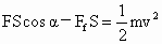 解:物体受力如图所示,拉力 F对物体做正功,摩擦力据动能定理得 ∵ ∴ |
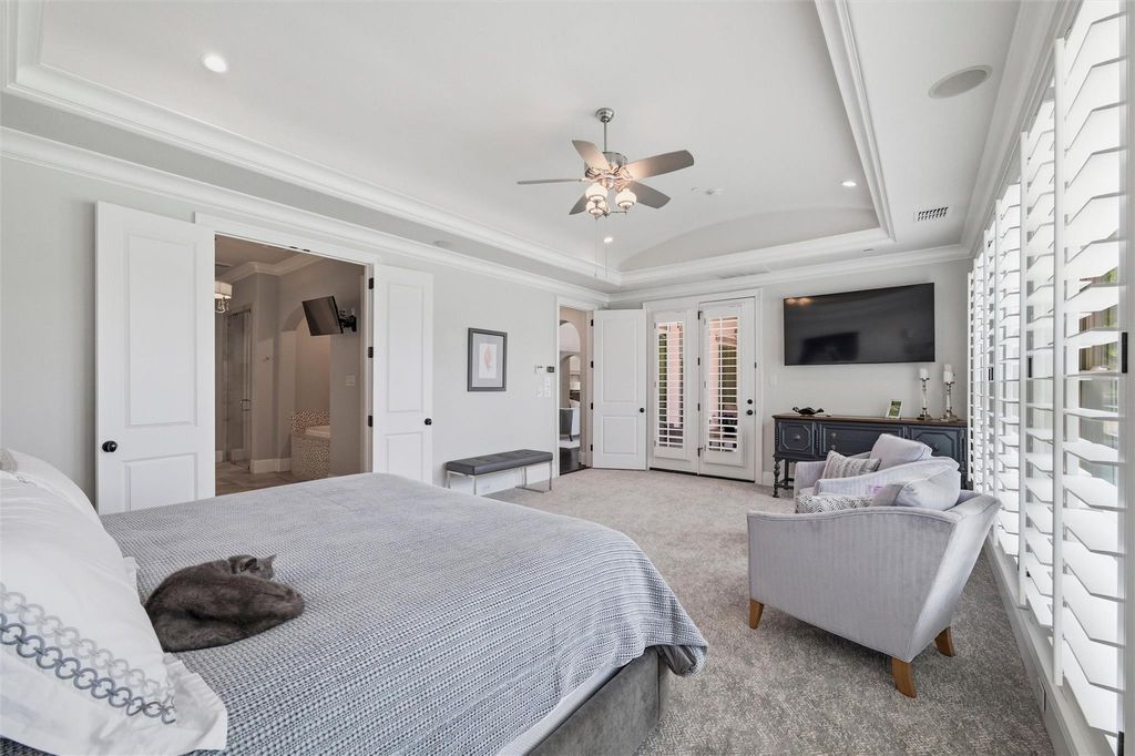 Discover the epitome of luxury in this rare 4-bedroom, 6-bathroom estate nestled in the exclusive gated community of The Lakes of Las Colinas. This stunning home backs directly onto picturesque Lake Carolyn, offering serene water views that define effortless elegance. Step through the enchanting courtyard and enter a private oasis designed for sophisticated living and effortless entertaining. Built with a custom floor plan and fully renovated, the residence showcases premium upgrades throughout. The heart of the home is the gourmet chef’s kitchen, featuring exquisite countertops, top-of-the-line Viking range, oversized fridge and freezer, and convenient access to the butler’s pantry. Seamless flow connects the open-concept living, family, and dining areas, all framed by breathtaking lake views—ideal for hosting memorable gatherings or quiet evenings by the water. Retreat to the expansive primary suite, complete with its own stunning water views and a spa-inspired bathroom that invites pure relaxation. Upstairs continues to impress with two generous secondary bedrooms sharing a Jack-and-Jill bath, a dedicated media room perfect for movie nights, and a guest bedroom with its own private full bath. Recent changes include a substantial pool renovation, new 3 stage HVAC units, as well as numerous internal updates. This exceptional property blends timeless architecture, modern luxury, and resort-style living in one of Las Colinas’ most sought-after enclaves. Experience the ultimate waterfront lifestyle where every detail has been thoughtfully curated for comfort and distinction.
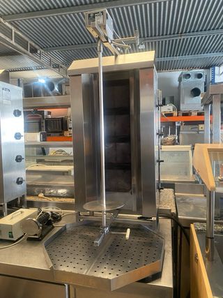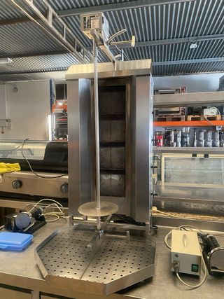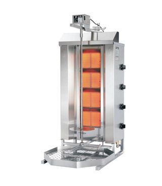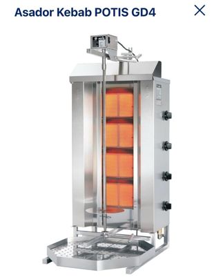 Asador de kebab marca POTIS, modelo GD4 S. Ideal para preparar kebabs de forma profesional. - Construcción en acero inoxidable. - Quemadores de gas. - Eje giratorio para cocción uniforme.
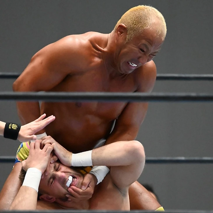 C cамого начала поединка, особо не торопясь, действующий чемпион IWGP в полутяжелом весе стал работать над ногой молодого льва. Тот пытался контрить, отбиваться, но в конечном счете это привело только к тому, что Таиджи перешел к работе над рукой и плечом Уемуры, понимая, что это может стать ключом к победе. Атлеты побывали за пределами ринга, где Йуя повстречался с баррикадой и стойкой ринга, а по возвращении в четырехугольник получил еще ударов по руке и что-то напоминающее Codebreaker. Спустя чуть больше, чем 5 минут страданий, Йуя наконец смог поймать соперника дропкиком, потом провести несколько неприятных ударов локтями и еще один дропкик. Бостонский краб последовал, но лишь на одну ногу, пототому что вторую Йуя не мог захватить поврежденной рукой, и Ишимори дотянулся до канатов, а потом реверсировал попытку коронного оверхэд белли-ту-белли в винтажный шоулдер брейкер, и Уемуре пришлось спасаться от YES! Lock у канатов. Попытку Bloody Cross молодой лев перевел в армбар, и теперь уже Таиджи пришлось тянуться ногой к кантам… за что он получил еще и немецкий суплекс, за которым вновь последовал армбар, но «Костяной Солдат» все это пережил, еще раз пресек Kanuki Suplex и заключил Йую в Bone Lock, который и принес ему очередные 2 очка.
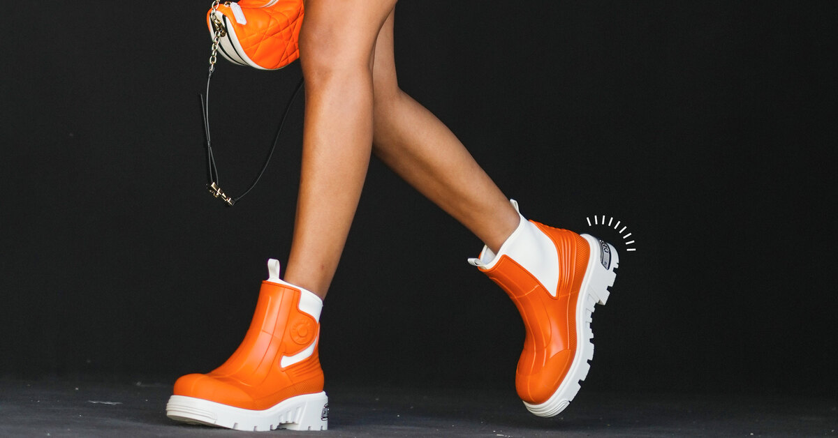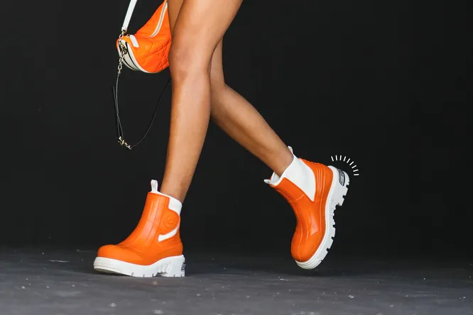 А еще тебе могут понравиться челси не из традиционных материалов вроде кожи или замши, а, скажем, из резины. И ты удивишься, но с брючным костюмом они подружатся так же просто, как базовые челси!

> [ABOUT THIS TASK] Repeat all of the entries above exactly. Keep pictures out of it.

> [ANSWER TO THIS TASK]
 解:物体受力如图所示,拉力 F对物体做正功,摩擦力据动能定理得 ∵ ∴ |
 Discover the epitome of luxury in this rare 4-bedroom, 6-bathroom estate nestled in the exclusive gated community of The Lakes of Las Colinas. This stunning home backs directly onto picturesque Lake Carolyn, offering serene water views that define effortless elegance. Step through the enchanting courtyard and enter a private oasis designed for sophisticated living and effortless entertaining. Built with a custom floor plan and fully renovated, the residence showcases premium upgrades throughout. The heart of the home is the gourmet chef’s kitchen, featuring exquisite countertops, top-of-the-line Viking range, oversized fridge and freezer, and convenient access to the butler’s pantry. Seamless flow connects the open-concept living, family, and dining areas, all framed by breathtaking lake views—ideal for hosting memorable gatherings or quiet evenings by the water. Retreat to the expansive primary suite, complete with its own stunning water views and a spa-inspired bathroom that invites pure relaxation. Upstairs continues to impress with two generous secondary bedrooms sharing a Jack-and-Jill bath, a dedicated media room perfect for movie nights, and a guest bedroom with its own private full bath. Recent changes include a substantial pool renovation, new 3 stage HVAC units, as well as numerous internal updates. This exceptional property blends timeless architecture, modern luxury, and resort-style living in one of Las Colinas’ most sought-after enclaves. Experience the ultimate waterfront lifestyle where every detail has been thoughtfully curated for comfort and distinction.
 Asador de kebab marca POTIS, modelo GD4 S. Ideal para preparar kebabs de forma profesional. - Construcción en acero inoxidable. - Quemadores de gas. - Eje giratorio para cocción uniforme.
 C cамого начала поединка, особо не торопясь, действующий чемпион IWGP в полутяжелом весе стал работать над ногой молодого льва. Тот пытался контрить, отбиваться, но в конечном счете это привело только к тому, что Таиджи перешел к работе над рукой и плечом Уемуры, понимая, что это может стать ключом к победе. Атлеты побывали за пределами ринга, где Йуя повстречался с баррикадой и стойкой ринга, а по возвращении в четырехугольник получил еще ударов по руке и что-то напоминающее Codebreaker. Спустя чуть больше, чем 5 минут страданий, Йуя наконец смог поймать соперника дропкиком, потом провести несколько неприятных ударов локтями и еще один дропкик. Бостонский краб последовал, но лишь на одну ногу, пототому что вторую Йуя не мог захватить поврежденной рукой, и Ишимори дотянулся до канатов, а потом реверсировал попытку коронного оверхэд белли-ту-белли в винтажный шоулдер брейкер, и Уемуре пришлось спасаться от YES! Lock у канатов. Попытку Bloody Cross молодой лев перевел в армбар, и теперь уже Таиджи пришлось тянуться ногой к кантам… за что он получил еще и немецкий суплекс, за которым вновь последовал армбар, но «Костяной Солдат» все это пережил, еще раз пресек Kanuki Suplex и заключил Йую в Bone Lock, который и принес ему очередные 2 очка.
 А еще тебе могут понравиться челси не из традиционных материалов вроде кожи или замши, а, скажем, из резины. И ты удивишься, но с брючным костюмом они подружатся так же просто, как базовые челси!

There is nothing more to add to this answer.